Deutschland ist als zweitgrößter bilateraler Gläubiger der ärmsten Länder direkt in das Problem eingebunden. Im Rahmen des „Gemeinsamen Frameworks“ der G20 beteiligt sich Berlin an Schuldenrestrukturierungen – aber der Prozess ist langsam, und China als größter Einzelgläubiger blockiert häufig schnelle Lösungen. „Wir können nicht helfen, ohne dass China mitmacht – und China macht nur mit, wenn es seine eigenen Interessen gewahrt sieht“, sagt Bundesentwicklungsministerin Svenja Schulze.

Für deutsche Steuerzahler bedeutet das konkrete Ausfälle: Allein bei den drei größten Schuldnerländern Deutschlands – Ghana, Äthiopien und Sambia – stehen Forderungen von über vier Milliarden Euro auf dem Spiel. Das Bundesfinanzministerium hat bereits Rückstellungen für mögliche Verluste gebildet.

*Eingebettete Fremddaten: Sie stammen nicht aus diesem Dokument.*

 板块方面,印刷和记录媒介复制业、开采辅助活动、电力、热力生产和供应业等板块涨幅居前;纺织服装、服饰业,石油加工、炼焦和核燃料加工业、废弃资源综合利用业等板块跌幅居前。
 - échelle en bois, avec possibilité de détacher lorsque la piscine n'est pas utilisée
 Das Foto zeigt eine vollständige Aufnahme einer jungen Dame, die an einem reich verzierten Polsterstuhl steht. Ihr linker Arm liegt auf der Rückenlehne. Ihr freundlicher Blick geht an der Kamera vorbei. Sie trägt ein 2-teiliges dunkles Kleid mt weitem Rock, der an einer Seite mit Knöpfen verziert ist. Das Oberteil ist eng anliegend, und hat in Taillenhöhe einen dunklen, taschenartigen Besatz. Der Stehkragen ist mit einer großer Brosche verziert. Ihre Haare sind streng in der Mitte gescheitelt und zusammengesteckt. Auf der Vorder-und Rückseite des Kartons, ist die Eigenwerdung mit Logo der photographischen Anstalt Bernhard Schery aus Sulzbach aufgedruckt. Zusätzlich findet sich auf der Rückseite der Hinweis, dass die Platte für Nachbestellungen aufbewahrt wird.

Die Entwicklungspolitischen Folgen

Schuldenkrisen vernichten Jahrzehnte an Entwicklungsfortschritten. Wenn Länder mehr für Schuldendienst ausgeben als für Gesundheit und Bildung, holt die Armut die Erfolge ein. Der IWF schätzt, dass in den am stärksten betroffenen Ländern bis 2030 rund 100 Millionen Menschen wieder in extreme Armut zurückfallen könnten, wenn keine Entlastung kommt.

Die Auswirkungen reichen weit über die betroffenen Länder hinaus. Instabile Staaten werden zu Brutstätten für Migration, Terrorismus und organisierte Kriminalität. Studien zeigen, dass jeder Dollar, der heute in Schuldenentlastung investiert wird, langfristig fünf Dollar an Folgekosten spart.

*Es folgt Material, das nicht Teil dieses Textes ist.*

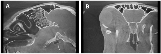 CBCT of 3M-7. Ventilated stent in longitudinal (A) and cross-section (B) of the sheep skull indicated by arrows.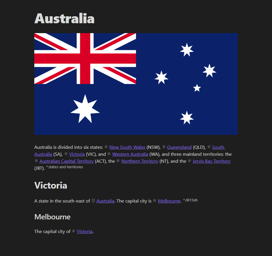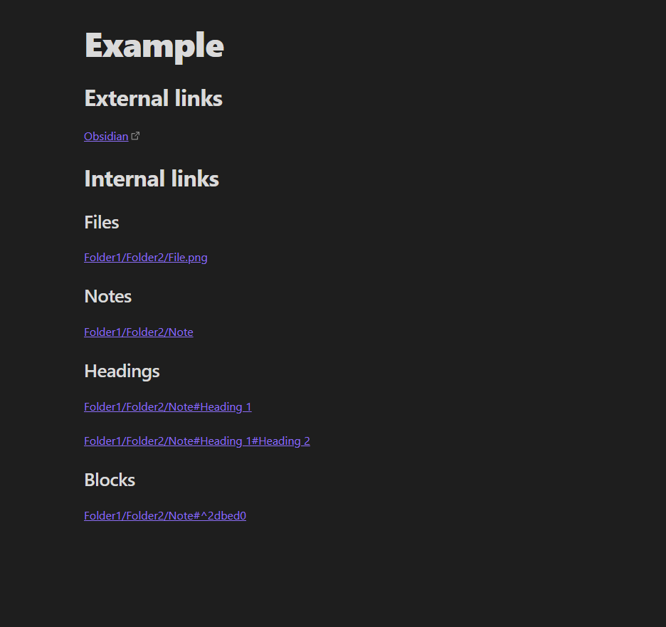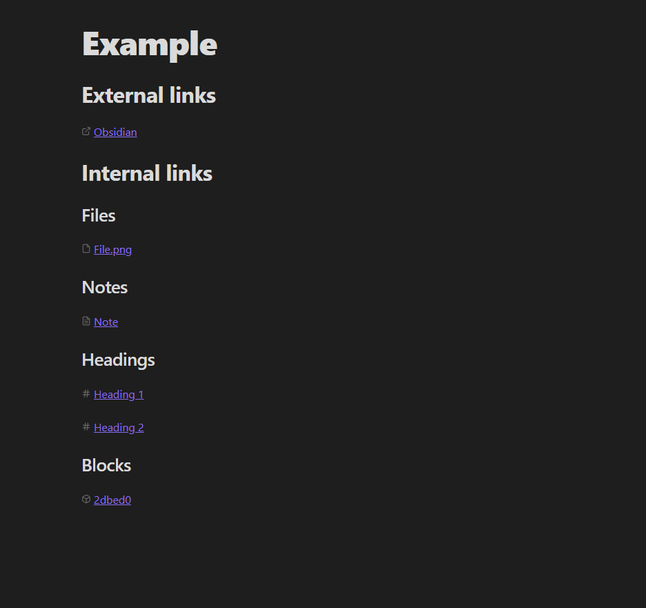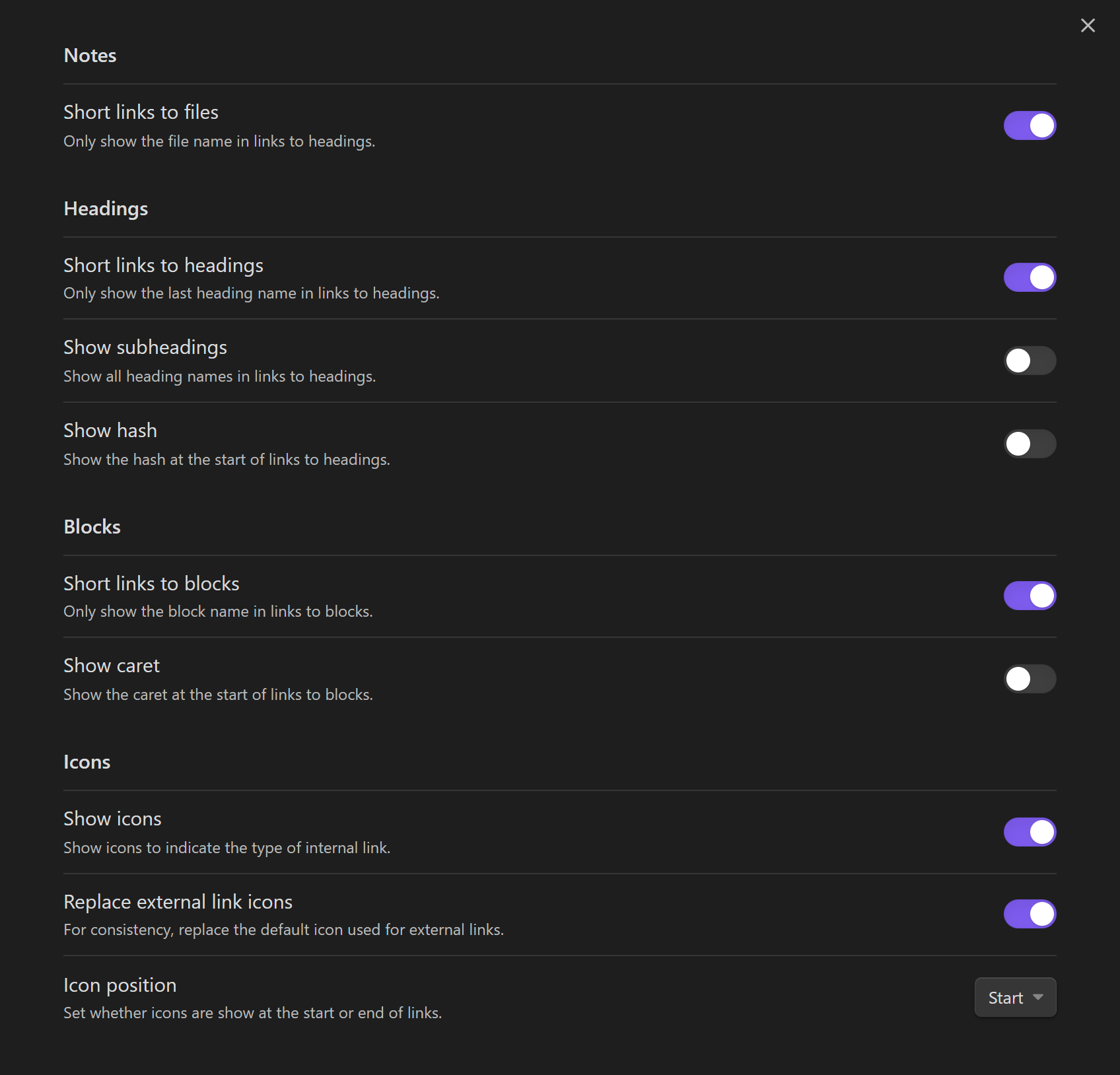 Internal links to files, notes, headings, and blocks can be shortened. There are various configuration options to adjust how this is applied. In addition, icons can be displayed at the start or end of links to indicate their type.

Auswirkungen auf Deutschland

Deutsche Unternehmen spüren die Krise bereits: Exportmärkte brechen weg, Lieferketten werden unterbrochen, Investitionen platzen. Besonders der deutsche Mittelstand, der stark in Schwellenländern engagiert ist, leidet unter der reduzierten Kaufkraft seiner Kunden.

Gleichzeitig steigt der Migrationsdruck auf Europa. Experten prognostizieren, dass sich die Zahl der Menschen, die ihre Heimatländer wegen wirtschaftlicher Not verlassen, in den kommenden Jahren verdoppeln könnte.

Was getan werden muss

Der IWF fordert schnellere Schuldenrestrukturierungen, mehr Mittel für den Schuldenerleichterungsfonds und eine Reform des internationalen Schuldenrechts. „Das Zögern kostet Menschenleben – wir müssen schneller handeln“, mahnt IWF-Chefin Kristalina Georgieva. Der politische Wille dazu fehlt noch immer.

Konkret schlägt der IWF vor, Umschuldungsverfahren von derzeit durchschnittlich drei Jahren auf maximal 18 Monate zu verkürzen. Zudem sollten automatische Schuldenerlasse greifen, wenn bestimmte Notfallkriterien erfüllt sind. Ohne diese Reformen droht die Krise, sich über Jahre hinzuziehen und Milliarden Menschen in die Armut zu stürzen.